*MATERIALS PROVIDED*:
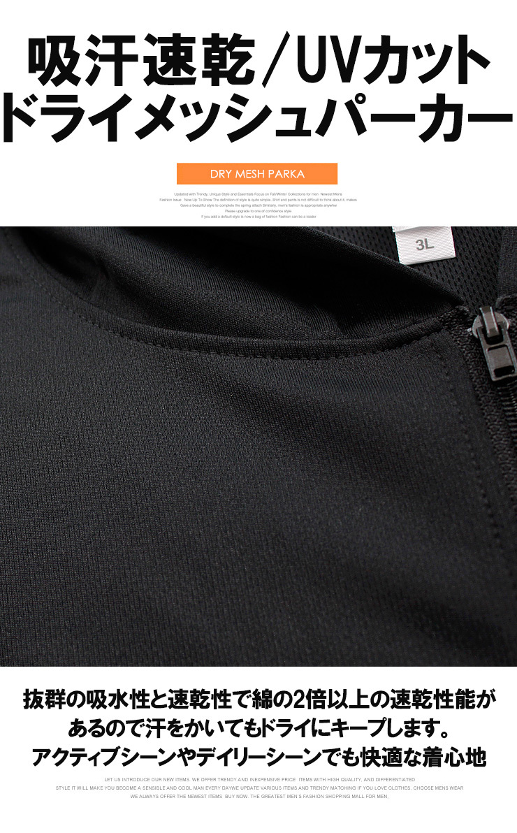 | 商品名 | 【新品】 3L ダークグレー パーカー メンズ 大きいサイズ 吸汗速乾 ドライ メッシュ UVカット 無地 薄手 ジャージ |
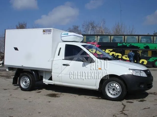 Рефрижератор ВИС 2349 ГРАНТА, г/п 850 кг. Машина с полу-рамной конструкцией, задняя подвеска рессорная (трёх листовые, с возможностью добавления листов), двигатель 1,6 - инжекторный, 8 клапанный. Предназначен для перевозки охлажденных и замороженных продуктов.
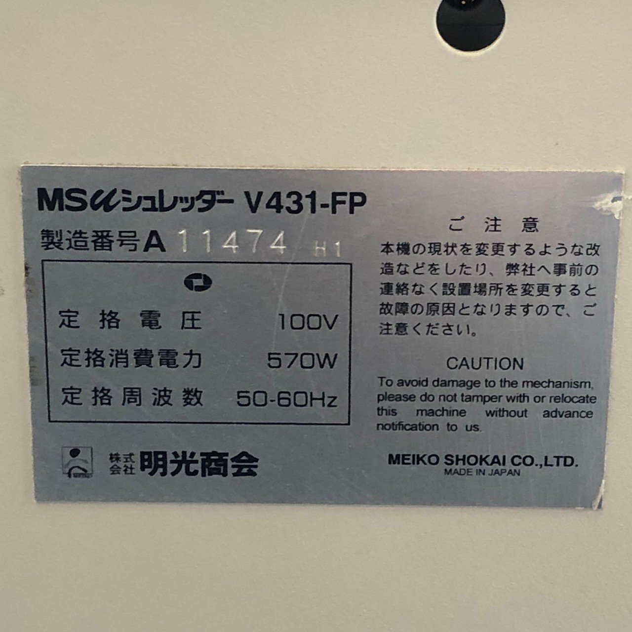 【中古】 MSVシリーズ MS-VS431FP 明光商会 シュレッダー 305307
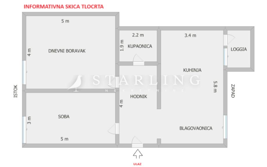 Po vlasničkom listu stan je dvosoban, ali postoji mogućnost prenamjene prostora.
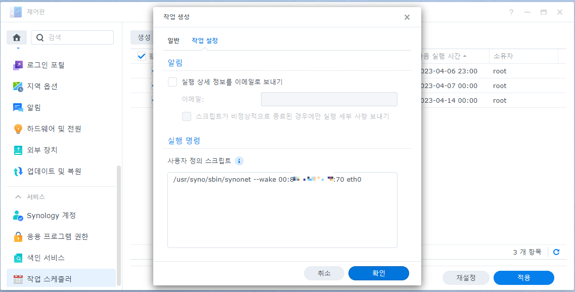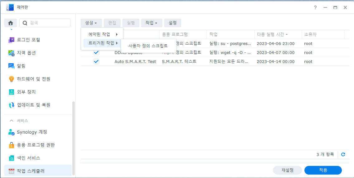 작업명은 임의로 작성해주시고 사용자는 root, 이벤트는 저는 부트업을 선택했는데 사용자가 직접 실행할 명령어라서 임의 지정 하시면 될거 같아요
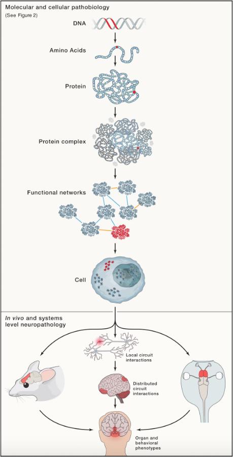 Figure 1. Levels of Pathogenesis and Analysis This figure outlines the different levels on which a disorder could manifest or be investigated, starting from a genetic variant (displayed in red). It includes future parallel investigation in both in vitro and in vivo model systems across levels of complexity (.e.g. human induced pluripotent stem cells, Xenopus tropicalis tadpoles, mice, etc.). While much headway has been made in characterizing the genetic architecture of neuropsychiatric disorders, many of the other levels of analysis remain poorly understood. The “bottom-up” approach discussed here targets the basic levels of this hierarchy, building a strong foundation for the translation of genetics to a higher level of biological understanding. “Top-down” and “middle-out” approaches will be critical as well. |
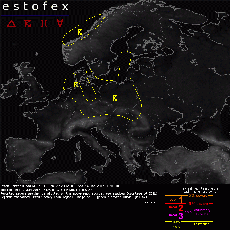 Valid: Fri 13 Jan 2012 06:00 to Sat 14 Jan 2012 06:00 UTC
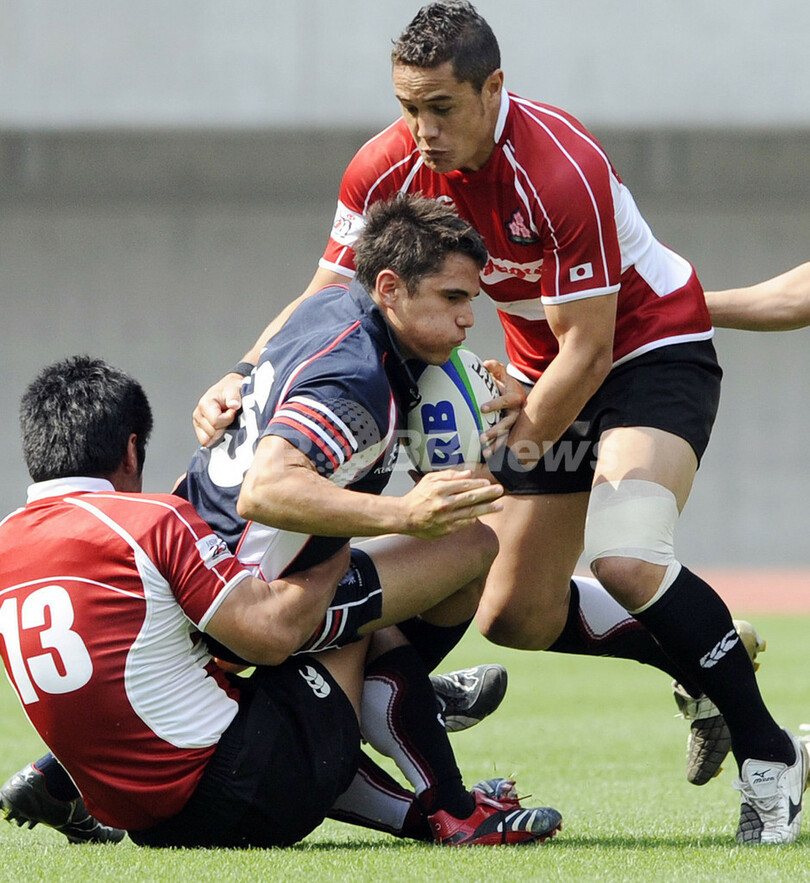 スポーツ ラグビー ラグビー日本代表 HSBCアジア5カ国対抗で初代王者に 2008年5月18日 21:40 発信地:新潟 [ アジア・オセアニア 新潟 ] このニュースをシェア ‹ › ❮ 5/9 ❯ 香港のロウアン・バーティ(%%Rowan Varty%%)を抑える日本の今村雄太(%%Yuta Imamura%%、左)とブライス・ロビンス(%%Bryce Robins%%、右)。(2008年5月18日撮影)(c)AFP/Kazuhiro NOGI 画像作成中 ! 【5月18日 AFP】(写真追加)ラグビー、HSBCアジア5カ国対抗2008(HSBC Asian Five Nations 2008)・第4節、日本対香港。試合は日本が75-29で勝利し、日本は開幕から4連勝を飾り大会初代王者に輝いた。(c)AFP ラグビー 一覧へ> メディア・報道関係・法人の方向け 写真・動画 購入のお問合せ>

--

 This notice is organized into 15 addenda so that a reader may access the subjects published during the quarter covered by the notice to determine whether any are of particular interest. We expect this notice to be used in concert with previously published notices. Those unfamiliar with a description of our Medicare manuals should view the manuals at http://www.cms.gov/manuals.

*YOUR INSTRUCTIONS*: Give exactly the lines above that run from the line with "無地 薄手 ジャージ |" to the line with "작업명은 임의로 작성해주시고", both included, leaving every picture out.

*YOUR SOLUTION*:
 | 商品名 | 【新品】 3L ダークグレー パーカー メンズ 大きいサイズ 吸汗速乾 ドライ メッシュ UVカット 無地 薄手 ジャージ |
 Рефрижератор ВИС 2349 ГРАНТА, г/п 850 кг. Машина с полу-рамной конструкцией, задняя подвеска рессорная (трёх листовые, с возможностью добавления листов), двигатель 1,6 - инжекторный, 8 клапанный. Предназначен для перевозки охлажденных и замороженных продуктов.
 【中古】 MSVシリーズ MS-VS431FP 明光商会 シュレッダー 305307
 Po vlasničkom listu stan je dvosoban, ali postoji mogućnost prenamjene prostora.
 작업명은 임의로 작성해주시고 사용자는 root, 이벤트는 저는 부트업을 선택했는데 사용자가 직접 실행할 명령어라서 임의 지정 하시면 될거 같아요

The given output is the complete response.